If you are in the military, and you are members of the elite, yes, you are
taken care of.

But I think at the very least, if we are going to promise economic
assistance, prosperity investment, that has to be tied in like our foreign
assistance programs with improvements in human rights. Allow access to
amnesty international and human right watch, United Nations.

I mean, we don`t know how bad things are. I can tell you they are pretty
bad even though when I visited eight times. They keep an eye on you. They
don`t let you the do anything. I once tried to get into the subway. I
barely got in to see how people are. But it`s very restricted what you are
able to see, full access, unfettered access to determine how we can improve
the human rights situation and the life of these people. This is the
poorest nation on earth where a lot of people are starving.

MATTHEWS: Well, all you have to do anybody watch right now is watch any of
their parades. Watch anytime they come out in public. They look like they
are automatons. The people have to smile exactly in synchronization. They
have to behave totally according to what they are supposed to do in that
moment. They are freakishly controlled by their government as individual
people. There is no freedom in that country. You can see it every time we
get a picture of them in one of their parades.

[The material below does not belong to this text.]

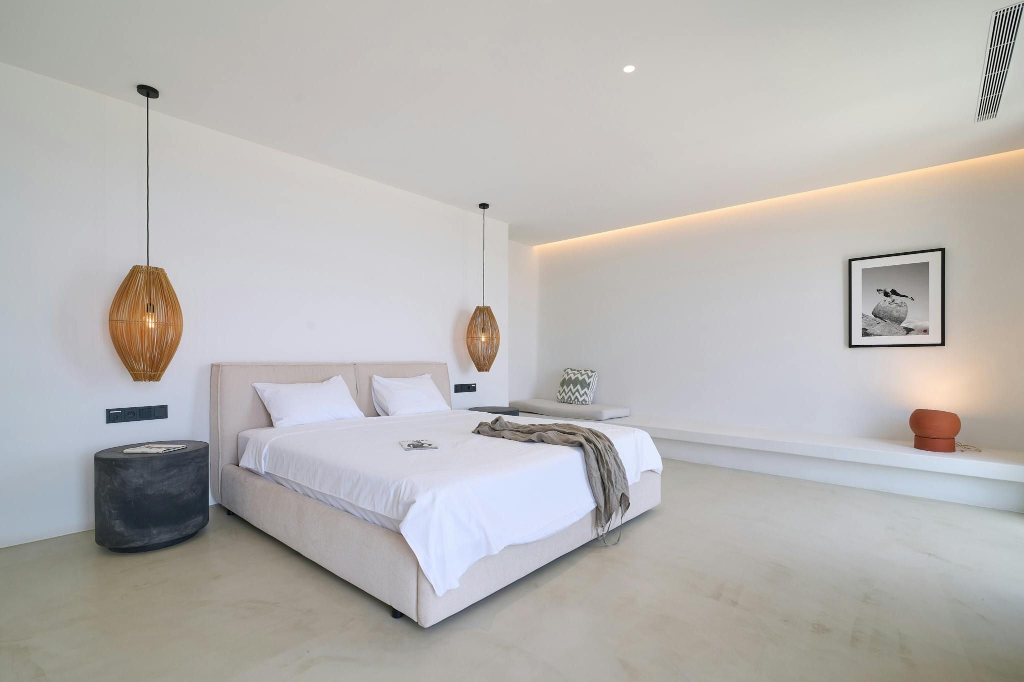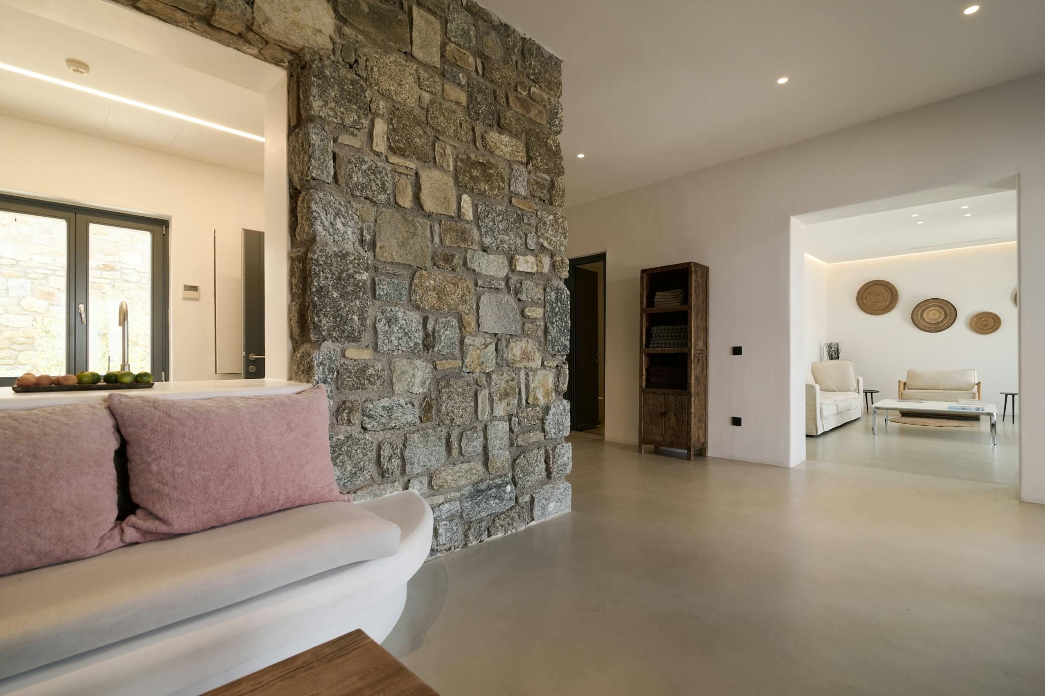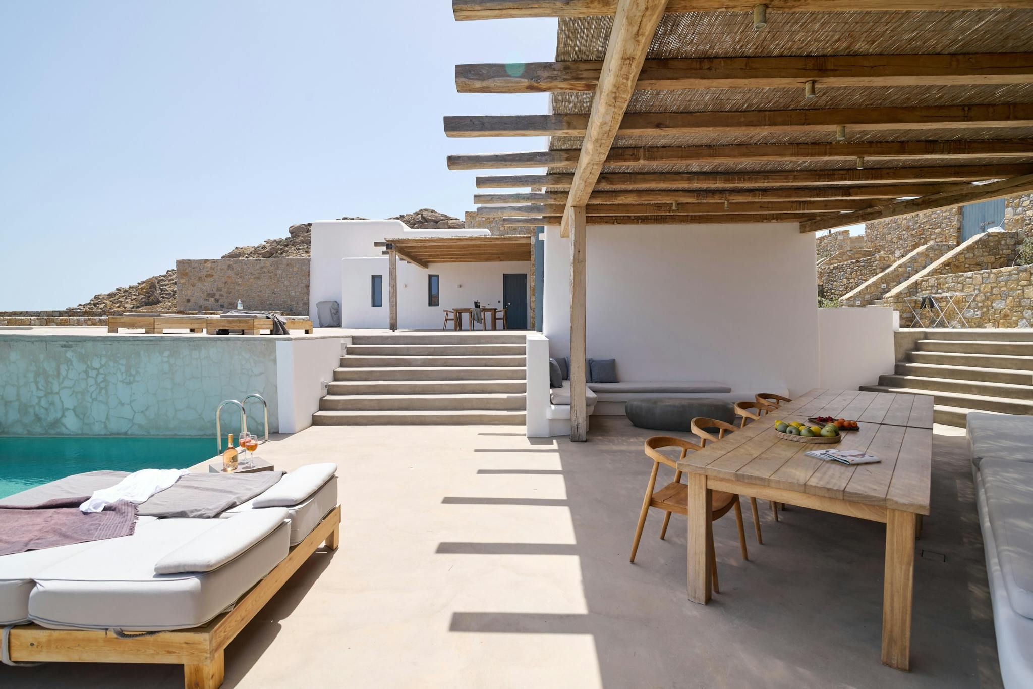 Overlooking the Bay of Kalafatis, this home will capture your heart with its stunning sea views. You can spend blissful days lounging poolside and reading in the shade. The terrace is perfect for alfresco dining, while the rooms set the tone for total relaxation. Daily housekeeping is included for optimum comfort, and there’s a concierge service offering extras like massage treatments. Another highlight is the fact that you can walk to the nearest beach – just 500 metres away. And if you feel like adventuring further afield, it’s just a short drive to Mykonos Town.

Anyway. Thank you Peter Baker. Thank you Bill Richardson. Gordon Chang,
thank you and Mieke Eoyang.

Coming up, President Trump`s praise nor Kim Jong-un beats trading nuclear
threats, I guess. But is it too far over the top? He is praying to the
guy, practically. Trump called him talented. He said he trusts him. Even
said his country loves him. Is Trump helping to flatter this guy to a
deal? I think he is treated (ph) in the way he likes to be treated.

Plus new reporting how the President is trying to save himself for Russian
investigation. What does it say that Trump`s lawyers now are in cahoots
with the lawyers for other people caught up in the Mueller investigation?
I guess he believes in multilateralism when it comes to legal defense.

And the HARDBALL roundtable, why Trump spent part of the summit talking
about a real estate deals. He is going to bring sandals I goes North
Korea? And he is punching at Robert de Niro.

Well, finally let me finish with Trump watch.

This is HARDBALL where the action is.

(COMMERCIAL BREAK)

MATTHEWS: Five more states are holding primaries today including South
Carolina and Virginia where polls just closed.

In Virginia, all eyes are on the 10th district where Democrats are choosing
a challenger to take on vulnerable house Republican Barbara Comstock.
Hillary Clinton won that district by ten points in 2016. So Comstock is
seen as a key pickup opportunity for the Democrats.

Meanwhile, we are seeing early returns now in the race pitting three
Republican candidates vying for the chance to take on Virginia senator Tim
Kaine. He was, of course, Hillary`s running mate in 2016.

In South Carolina, Republican congressman and former governor Mark Sanford
is facing a strong primary challenge from a pro-Trump candidate. Today
Trump tweeted his support for Sanford`s opponent saying Sanford has been
very unhelpful to me in my campaign to make America great. He is MIA and
nothing but trouble. Well, Trump added he is better off in Argentina. Of
course, in 2009, Sanford famously claim he was hiking in the Appalachian
trail when in fact he was carrying on an extramarital affair in Argentina.

We will be right back.

(COMMERCIAL BREAK)

MATTHEWS: Welcome back to HARDBALL.

Following yesterday`s historic summit, President Trump is headed back to
Washington right now with a blossoming appreciation for North Korean
dictator Kim Jong-un.

While in Singapore, Trump heaped praises on the leader, calling him
talented and smart.

Let`s watch more of this.

(BEGIN VIDEO CLIP)

DONALD TRUMP, PRESIDENT OF THE UNITED STATES: He is very talented.
Anybody that takes over a situation like he did at 26 years of age and is
able to run it and run it tough.

You would be very surprised, very smart, very good negotiator.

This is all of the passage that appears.